Tic-Tac-Toe: Maintain the Draw!
Tic-Tac-Toe is a game for two players who take turns marking the spaces in a 3x3
grid with an X
or aan O
. If a player succeeds in placing three of their marks in a horizontal, vertical or diagonal line they are the winner; otherwise, the game is considered drawn.
Challenge
You have been chosen to represent the human race in a game of Tic-Tac-Toe against the AIs. Dauntingly, your opponent is a programme which always finds the optimal move in a given position. Worse still, you will be playing second. The only consolation is that you are required to survive for one move only: that is, you must make a single move in reply to the computer's opening gambit which leads to a position which is not theoretically lost. If you find such a move, humanity lives to fight another day; if not, ...

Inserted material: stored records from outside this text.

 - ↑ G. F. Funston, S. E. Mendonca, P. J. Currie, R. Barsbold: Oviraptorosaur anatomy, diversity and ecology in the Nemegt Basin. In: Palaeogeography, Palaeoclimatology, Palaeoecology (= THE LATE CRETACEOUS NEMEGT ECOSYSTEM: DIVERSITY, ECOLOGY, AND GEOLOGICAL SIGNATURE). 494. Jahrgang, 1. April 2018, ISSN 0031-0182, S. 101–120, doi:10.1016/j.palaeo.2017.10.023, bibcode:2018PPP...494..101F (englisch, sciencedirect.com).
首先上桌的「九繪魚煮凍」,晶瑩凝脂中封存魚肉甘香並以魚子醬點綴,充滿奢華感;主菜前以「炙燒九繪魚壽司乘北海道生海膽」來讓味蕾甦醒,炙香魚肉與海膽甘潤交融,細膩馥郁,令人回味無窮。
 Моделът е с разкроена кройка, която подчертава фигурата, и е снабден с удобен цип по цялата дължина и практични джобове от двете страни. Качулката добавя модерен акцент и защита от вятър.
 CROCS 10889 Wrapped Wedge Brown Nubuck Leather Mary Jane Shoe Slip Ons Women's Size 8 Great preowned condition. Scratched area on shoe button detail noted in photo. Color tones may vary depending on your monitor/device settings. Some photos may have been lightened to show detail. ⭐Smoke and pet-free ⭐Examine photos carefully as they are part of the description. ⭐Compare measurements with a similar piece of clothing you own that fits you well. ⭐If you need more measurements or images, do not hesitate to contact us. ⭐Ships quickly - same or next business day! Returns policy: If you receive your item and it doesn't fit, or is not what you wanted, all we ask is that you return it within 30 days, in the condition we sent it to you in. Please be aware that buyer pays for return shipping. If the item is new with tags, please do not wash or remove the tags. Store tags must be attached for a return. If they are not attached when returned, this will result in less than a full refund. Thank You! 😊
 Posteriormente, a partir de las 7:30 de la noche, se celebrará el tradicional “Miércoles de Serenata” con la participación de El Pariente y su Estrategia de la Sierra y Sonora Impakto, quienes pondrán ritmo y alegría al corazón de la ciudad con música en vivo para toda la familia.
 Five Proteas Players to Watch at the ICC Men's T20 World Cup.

Assuming a Tic-Tac-Toe board with the following notation
1 2 3
4 5 6
7 8 9
given the AI's opening move output all possible replies which do not lead to a theoretically lost position.
Input
An integer \$n\$ (where \$1<=n<=9\$) which represents the machine's opening move as per the given board notation.
Output
A sorted list, array, etc. of integers which represents all possible solutions.
Explained Cases
Input => Output
1 => [5]
The only reply to a corner-square opening move which does not lead to a theoretical loss
is that which occupies the central square.
2 => [1, 3, 5, 8]
The only replies to an edge-square opening move which do not lead to a theoretical loss
are those which occupy the same row or column as that of your opponent's move.
5 => [1, 3, 7, 9]
The only replies to a central-square opening move which do not lead to a theoretical
loss are those which occupy one of the four corner squares.
Test Cases
Input => Output
1 => [5]
2 => [1, 3, 5, 8]
3 => [5]
4 => [1, 5, 6, 7]
5 => [1, 3, 7, 9]
This is code-golf, so shortest answer in bytes wins!